> **Task details**
Go through the following listing and count each line that contains the string "from"; the answer is that number alone.

> **Given records**
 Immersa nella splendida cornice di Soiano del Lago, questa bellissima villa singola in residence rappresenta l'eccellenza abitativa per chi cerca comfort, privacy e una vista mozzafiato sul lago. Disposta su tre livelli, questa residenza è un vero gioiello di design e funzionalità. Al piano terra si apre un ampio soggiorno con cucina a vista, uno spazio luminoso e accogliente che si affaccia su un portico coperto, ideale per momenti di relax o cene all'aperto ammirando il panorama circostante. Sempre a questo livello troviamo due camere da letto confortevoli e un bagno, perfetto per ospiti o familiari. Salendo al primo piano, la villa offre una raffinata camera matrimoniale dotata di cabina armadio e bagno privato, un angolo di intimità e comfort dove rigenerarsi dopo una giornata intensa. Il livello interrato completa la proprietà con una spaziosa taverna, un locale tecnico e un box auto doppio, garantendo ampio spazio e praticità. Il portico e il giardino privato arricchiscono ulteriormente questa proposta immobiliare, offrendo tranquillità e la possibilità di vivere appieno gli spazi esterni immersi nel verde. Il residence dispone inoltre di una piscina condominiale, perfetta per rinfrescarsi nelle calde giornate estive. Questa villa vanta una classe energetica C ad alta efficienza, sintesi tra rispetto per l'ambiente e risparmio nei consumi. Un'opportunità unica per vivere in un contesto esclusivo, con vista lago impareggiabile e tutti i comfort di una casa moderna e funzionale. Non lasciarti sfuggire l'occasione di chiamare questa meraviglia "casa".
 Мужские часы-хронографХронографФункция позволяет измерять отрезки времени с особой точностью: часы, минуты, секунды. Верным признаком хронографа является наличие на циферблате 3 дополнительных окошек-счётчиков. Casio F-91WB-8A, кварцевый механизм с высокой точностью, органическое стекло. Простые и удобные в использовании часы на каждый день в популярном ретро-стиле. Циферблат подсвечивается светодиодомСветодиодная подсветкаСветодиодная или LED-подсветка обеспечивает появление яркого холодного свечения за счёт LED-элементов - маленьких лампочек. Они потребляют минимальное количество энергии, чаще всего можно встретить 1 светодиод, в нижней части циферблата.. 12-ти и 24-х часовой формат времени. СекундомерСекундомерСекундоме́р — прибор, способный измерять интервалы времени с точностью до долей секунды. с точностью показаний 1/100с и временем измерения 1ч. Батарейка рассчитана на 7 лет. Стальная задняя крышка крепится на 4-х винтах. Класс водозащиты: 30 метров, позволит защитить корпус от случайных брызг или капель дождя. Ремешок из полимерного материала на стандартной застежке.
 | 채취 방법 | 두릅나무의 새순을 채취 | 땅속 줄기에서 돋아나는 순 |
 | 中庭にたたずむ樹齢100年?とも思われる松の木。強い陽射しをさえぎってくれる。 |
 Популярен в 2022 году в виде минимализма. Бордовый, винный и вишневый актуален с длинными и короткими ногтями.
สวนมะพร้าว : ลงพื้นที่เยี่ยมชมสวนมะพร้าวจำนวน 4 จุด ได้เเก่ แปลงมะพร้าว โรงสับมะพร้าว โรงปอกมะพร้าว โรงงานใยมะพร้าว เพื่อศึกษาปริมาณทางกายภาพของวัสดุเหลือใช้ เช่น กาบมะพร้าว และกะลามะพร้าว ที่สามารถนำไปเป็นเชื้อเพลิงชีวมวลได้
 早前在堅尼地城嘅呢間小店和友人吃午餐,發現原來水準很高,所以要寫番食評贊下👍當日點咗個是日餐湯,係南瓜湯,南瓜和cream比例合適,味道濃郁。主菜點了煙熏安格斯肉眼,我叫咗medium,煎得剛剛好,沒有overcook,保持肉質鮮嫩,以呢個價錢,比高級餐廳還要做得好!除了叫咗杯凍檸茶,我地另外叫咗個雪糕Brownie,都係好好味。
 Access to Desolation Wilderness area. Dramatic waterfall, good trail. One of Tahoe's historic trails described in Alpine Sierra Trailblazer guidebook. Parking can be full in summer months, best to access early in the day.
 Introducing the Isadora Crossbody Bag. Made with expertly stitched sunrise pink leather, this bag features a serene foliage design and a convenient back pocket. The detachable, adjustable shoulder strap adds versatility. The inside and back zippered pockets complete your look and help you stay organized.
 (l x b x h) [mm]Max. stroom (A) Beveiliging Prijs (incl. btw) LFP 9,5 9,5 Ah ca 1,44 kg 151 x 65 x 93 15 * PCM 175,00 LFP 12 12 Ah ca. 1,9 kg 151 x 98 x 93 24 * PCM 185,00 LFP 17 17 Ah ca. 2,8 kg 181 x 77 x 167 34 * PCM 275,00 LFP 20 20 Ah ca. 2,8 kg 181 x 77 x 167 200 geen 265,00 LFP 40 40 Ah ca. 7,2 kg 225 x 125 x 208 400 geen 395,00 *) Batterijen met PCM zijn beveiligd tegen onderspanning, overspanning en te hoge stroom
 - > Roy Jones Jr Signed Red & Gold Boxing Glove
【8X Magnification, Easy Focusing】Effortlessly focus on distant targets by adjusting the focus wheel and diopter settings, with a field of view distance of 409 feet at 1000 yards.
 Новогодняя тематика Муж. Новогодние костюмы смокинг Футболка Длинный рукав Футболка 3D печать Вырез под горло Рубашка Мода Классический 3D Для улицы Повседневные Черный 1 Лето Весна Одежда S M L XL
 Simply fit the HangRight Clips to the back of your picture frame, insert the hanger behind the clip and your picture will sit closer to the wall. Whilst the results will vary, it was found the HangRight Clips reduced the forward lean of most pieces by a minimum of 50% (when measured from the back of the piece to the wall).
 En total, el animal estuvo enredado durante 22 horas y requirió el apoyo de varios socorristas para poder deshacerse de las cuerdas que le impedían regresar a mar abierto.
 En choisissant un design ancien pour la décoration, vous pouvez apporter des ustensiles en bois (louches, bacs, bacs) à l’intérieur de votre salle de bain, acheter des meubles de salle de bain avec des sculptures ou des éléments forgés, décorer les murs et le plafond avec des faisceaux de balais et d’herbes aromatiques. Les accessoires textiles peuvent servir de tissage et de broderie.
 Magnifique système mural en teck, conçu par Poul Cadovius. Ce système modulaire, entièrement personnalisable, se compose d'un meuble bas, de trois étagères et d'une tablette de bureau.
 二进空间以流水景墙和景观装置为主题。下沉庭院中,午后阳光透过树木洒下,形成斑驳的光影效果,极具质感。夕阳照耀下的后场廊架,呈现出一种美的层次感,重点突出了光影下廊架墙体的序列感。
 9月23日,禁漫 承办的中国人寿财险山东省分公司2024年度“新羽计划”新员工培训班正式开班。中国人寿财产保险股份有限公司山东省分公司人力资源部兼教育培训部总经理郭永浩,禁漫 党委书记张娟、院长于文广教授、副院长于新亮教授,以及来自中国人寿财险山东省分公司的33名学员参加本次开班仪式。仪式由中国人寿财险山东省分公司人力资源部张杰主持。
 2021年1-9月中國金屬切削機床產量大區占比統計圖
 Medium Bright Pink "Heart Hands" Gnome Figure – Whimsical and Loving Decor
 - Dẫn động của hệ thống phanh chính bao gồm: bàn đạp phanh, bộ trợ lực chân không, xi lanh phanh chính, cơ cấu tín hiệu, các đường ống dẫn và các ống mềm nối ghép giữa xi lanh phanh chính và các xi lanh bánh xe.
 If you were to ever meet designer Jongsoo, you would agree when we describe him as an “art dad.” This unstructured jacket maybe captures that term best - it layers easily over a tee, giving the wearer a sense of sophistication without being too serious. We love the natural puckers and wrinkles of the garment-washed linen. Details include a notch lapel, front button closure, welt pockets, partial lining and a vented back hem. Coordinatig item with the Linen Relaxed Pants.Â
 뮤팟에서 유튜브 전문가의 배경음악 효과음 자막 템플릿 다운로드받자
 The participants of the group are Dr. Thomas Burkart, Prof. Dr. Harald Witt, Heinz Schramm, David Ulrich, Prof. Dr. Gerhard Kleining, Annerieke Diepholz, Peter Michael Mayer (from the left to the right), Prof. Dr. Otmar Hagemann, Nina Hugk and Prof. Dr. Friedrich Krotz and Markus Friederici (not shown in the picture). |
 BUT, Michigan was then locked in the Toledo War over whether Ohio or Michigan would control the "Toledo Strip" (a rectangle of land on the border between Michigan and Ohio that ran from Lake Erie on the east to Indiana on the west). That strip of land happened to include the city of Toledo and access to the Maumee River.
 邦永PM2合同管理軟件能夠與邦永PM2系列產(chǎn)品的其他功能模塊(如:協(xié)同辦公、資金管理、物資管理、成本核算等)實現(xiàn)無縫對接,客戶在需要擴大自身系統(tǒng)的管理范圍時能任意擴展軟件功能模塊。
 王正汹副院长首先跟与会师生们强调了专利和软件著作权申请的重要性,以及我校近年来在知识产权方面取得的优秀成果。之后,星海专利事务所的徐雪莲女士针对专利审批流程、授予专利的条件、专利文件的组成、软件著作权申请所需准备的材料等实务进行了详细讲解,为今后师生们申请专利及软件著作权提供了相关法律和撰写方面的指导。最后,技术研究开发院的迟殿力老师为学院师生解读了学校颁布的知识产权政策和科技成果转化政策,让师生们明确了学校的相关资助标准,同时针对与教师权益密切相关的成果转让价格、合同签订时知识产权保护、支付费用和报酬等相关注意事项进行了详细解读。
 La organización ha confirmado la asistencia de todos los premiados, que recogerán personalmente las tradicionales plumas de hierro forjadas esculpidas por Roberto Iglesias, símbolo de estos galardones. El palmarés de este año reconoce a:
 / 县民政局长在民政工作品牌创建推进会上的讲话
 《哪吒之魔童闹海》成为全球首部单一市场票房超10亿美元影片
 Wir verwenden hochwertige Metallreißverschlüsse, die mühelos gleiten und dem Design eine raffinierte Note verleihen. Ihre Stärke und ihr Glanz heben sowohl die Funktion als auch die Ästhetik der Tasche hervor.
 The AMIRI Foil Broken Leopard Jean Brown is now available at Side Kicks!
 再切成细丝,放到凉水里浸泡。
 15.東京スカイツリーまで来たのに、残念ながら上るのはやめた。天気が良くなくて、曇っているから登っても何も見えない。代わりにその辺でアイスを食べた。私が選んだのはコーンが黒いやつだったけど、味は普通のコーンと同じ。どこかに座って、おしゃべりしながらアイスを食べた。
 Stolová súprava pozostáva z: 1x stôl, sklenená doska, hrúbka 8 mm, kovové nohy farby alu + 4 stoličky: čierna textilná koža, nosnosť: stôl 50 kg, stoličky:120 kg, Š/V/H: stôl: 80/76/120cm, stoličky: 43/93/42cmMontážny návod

> **Answer area**
3